Further evidence found within layers of sediment in California have lead some scientists to believe they are dealing with molecules deposited by meteors.

In 1980 Luis Alvarez published a theory that stated a massive impact occurred at the end of the Cretaceous period. The theory was based on an element called Iridium, which was found with dinosaur’s fossils. Virtually non-existent in the Earth’s crust, Iridium is 10,000 times more likely to be present in extraterrestrial rocks. Finding Iridium in clays of the same age located in two separate areas of the world caused the Alvarez team to propose that the element had come from an extraterrestrial body striking the Earth. The impact, they proposed, created so much dust in the atmosphere that sunlight was blocked and prevented photosynthesis. Their conclusions set forth a revised theory of evolution.

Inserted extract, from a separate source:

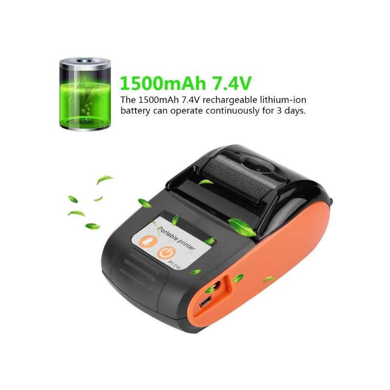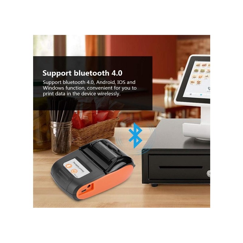 Impresora termica de tickets inalambrica por bluetooth. Dispone de bateria recargable de 1500 mAh con una autonomia de 3 dias aproximadamente. Modelo portable con conexion por bluetooth 4.0 para usarla sin necesidad de cables. Funciona con papel termico standard de 58mm de ancho sin necesidad de cartuchos de tinta. Compatible con Android, IOS y Windows. Incluye impresora termica, cargador, funda, cable USB y manual de usuario.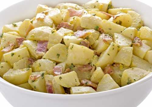 Ингредиенты: яйца - 4 шт., бекон - 4 ломтика, картофель - 750 г, соленые огурцы - 2 шт., петрушка - 2 ст. л. нарезанной, майонез - 160 мл, сметана - 1/3 стакана, лимонный сок - 2 ч. л.

There are scientists who completely agree with the theory and also suggest that mass extinctions occur approximately every 26 million years. Critics argue there aren’t facts to support repeated mass extinction events and that such schools of thought are not grounded is scientific evidence.

Work Cited

• Rensberger, Boyce. ‘Death of Dinosaurs: The True Story,’ Science Digest, May 1986, pps. 77—89.